The actual implementation of the tag walk is described as follows. A small candidate buffer implemented as a single-port SRAM is added to the cache controller. On signaling a miss, the cache controller computes the conflicting set for each level in a breadth-first manner. It first schedules reading the first level W conflicting tags of the requested address by reading into the banked register file holding tags. After the output is available, these tags are then inserted into the candicate buffer since they serve as candidates of eviction. In the meantime, the output is also used for scheduling for reading next-level conflicting set. This iterative process stops when a certain threshold (in terms of levels) is reached, at which time the candicate buffer holds a list of possible candicates for eviction.
Values in candicate buffers are pointers to the tag (i.e. way ID and slot ID). These values also implicitly form a tree structure. No explicit parent is stored, since the tree is of fixed fan-out, and parents can be implied by the index of an element. We need parent information because it is used for repositioning.

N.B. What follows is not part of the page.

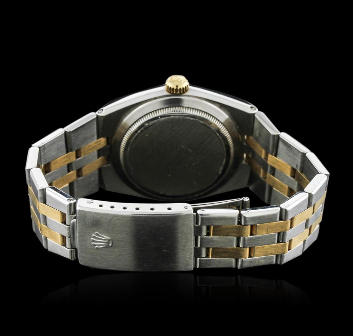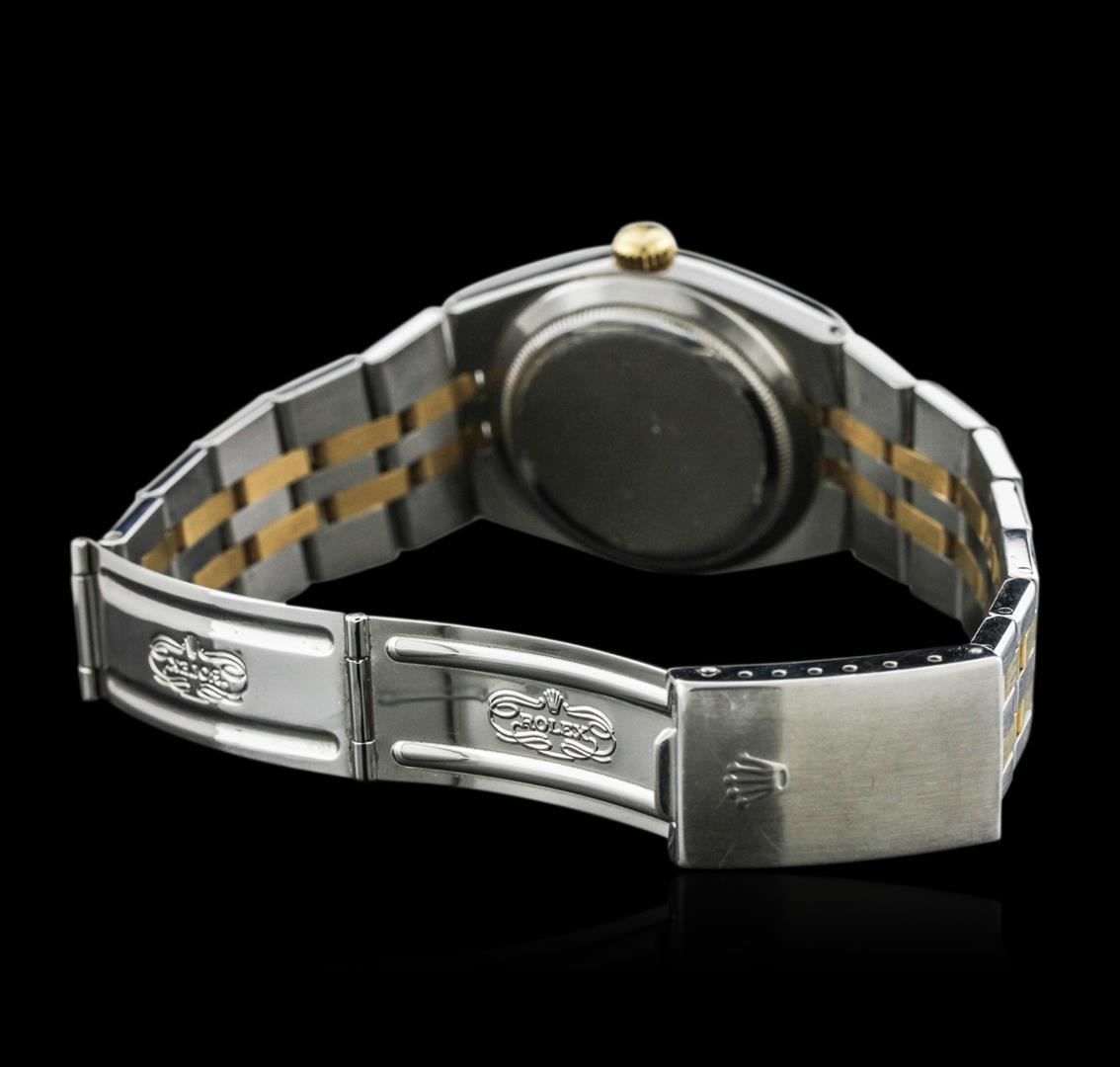 One gents, hand crafted & machine milled Rolex two-tone OysterQuartz DateJust wristwatch electronically tested, Stainless Steel Case: 36mm OysterQuartz, 18KT yellow gold Crown: twinlock with logo, 18KT yellow gold Bezel: fluted, Crystal: synthetic sapphire cyclops lens. Movement: Swiss quartz chronometer, Dial: champagne color, with baton hands and indices, Date Window: 3 o'clock position, quick set, Bracelet: two-tone 18KT yellow gold & stainless steel, OysterQuartz, Condition: G-5 Fine. Bright polish and brushed finish. Seven inch length, adjustable. Circa: 1991.Total Weight of Watch 124.73 grams. AIG Appraised at $6,550.00.

The actual replacement algorithm proposed by the paper is LRU. Conventional LRU implementation does not work for ZCache, since there is no set ordering unlike a conventional set in which an LRU stack can be formed. The paper proposes using simple timestamp based LRU. A centralized counter dispenses the current timestamp with regard to cache operations. When a hit or line fetch occurs, the timestmap is written into the tag of the line. During eviction, the cache controller scans the candidate buffer, and evicts the line with the smallest timestamp. Repositioning is performed after the line (which is not necessarily at leaf level) is evicted by reading the parent node and store it into the child that was just evicted or repositioned. Although this tag walk, scan and repositioning process will have larger latency than simple LRU, the paper claims that such latency can be overlapped with line fetch on cache misses, which, in the case of LLC, will take hundreds of cycles.